Для начала полезно будет вспомнить, что свою правду о войне писатели-фронтовики принялись выкладывать не сразу же после ее завершения. Исклю­чение составляет повесть Виктора Некрасова “В окопах Сталинграда” — 1946 год. Юрий Бондарев опубликовал “Юность командиров” в 1956-м, “Батальоны просят огня” — в 1958-м. Григорий Бакланов — “Девять дней” в 1958-м, “Пядь земли” — в 1960-м. Константин Воробьев “Убиты под Москвой” — в 1961-м. У Евгения Носова “Красное вино победы” — 1969 год, “Усвятские шлемоносцы” — 1977-й. У Виктора Астафьева “Пастух и пастушка” — 1967-й. У Вячеслава Кондратьева “Сашка” — 1979-й.

Могло ли затормозить появление самой значительной литературы о Великой Отечественной войне известное постановление 1946 года о журналах “Звезда” и “Ленинград”? Конечно, не исключено, что инициаторы постанов­ления вставили в него одни имена, а припугивали других. О настороженном отношении агитпропа ЦК к писателям фронтового поколения свидетельствует старательно навязываемое мнение, что хватит уже писать о войне, пришла пора отразить в литературе мирный труд советского народа. Ответом на такой “социальный заказ” стали произведения о послевоенной деревне: “Кавалер Золотой Звезды” Бабаевского — 1948 год, “Жатва” Галины Николаевой — 1950-й.

Ну а если вернуться даже не к первым годам после войны, а, скажем, в 1954 год, когда в Военном издательстве Министерства обороны СССР вышел подводящий итоги том “Советский военный рассказ” объемом в 40 печатных листов, включающий рассказы 66 авторов. Для точности — это был 2-й том, в 1-й, вдвое меньший по объему, вошли рассказы о гражданской войне.

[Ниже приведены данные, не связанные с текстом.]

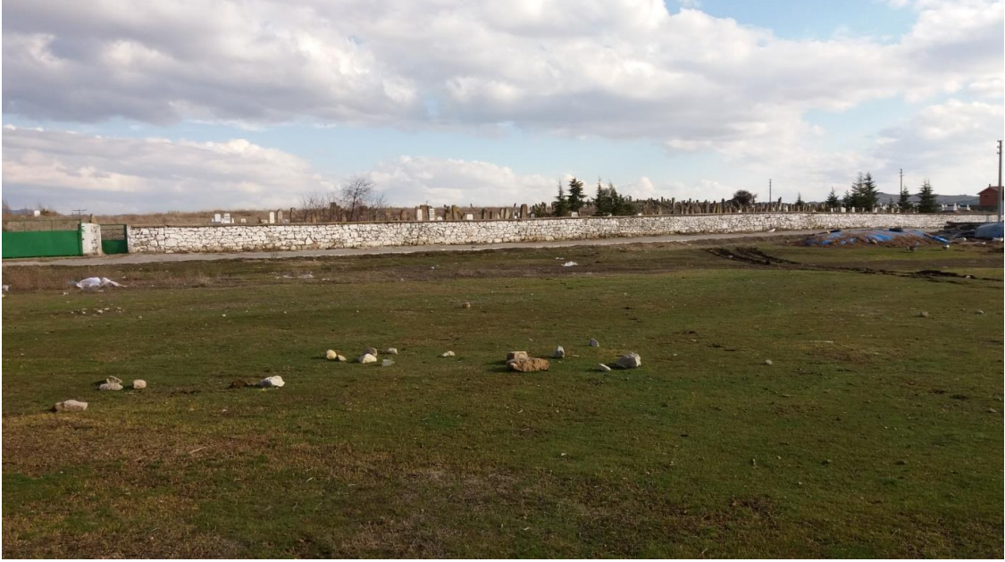
Şekil 53. Köy Mezarlığı Nekropolisi

Beyköy Mezarlığı, Beyköy merkezinin (Muhtarlık) 267 m güneydoğusunda yer alır. Etrafı 780 m'lik bir duvarla çevrilen Mezarlık 34.504. 42 m 2 'lik bir alana sahiptir. Köy Mezarlığınının 375 m kuzeydoğusunda Yumrukaya Nekropolisi yer almaktadır.

Даты, проставленные под рассказами — 1941, 1942, 1943, 1944,1945... и до 1951. Тогда было принято говорить о литературе военных лет: “В Отечест­венную войну советская литература уподобилась грозному наступа­тельному оружию”. Писатели приезжали на фронт в качестве военных коррес­пондентов — от “Красной звезды”, от “Правды”, от Совинформбюро, одной из обязанностей которого было распространение материалов для западной прессы...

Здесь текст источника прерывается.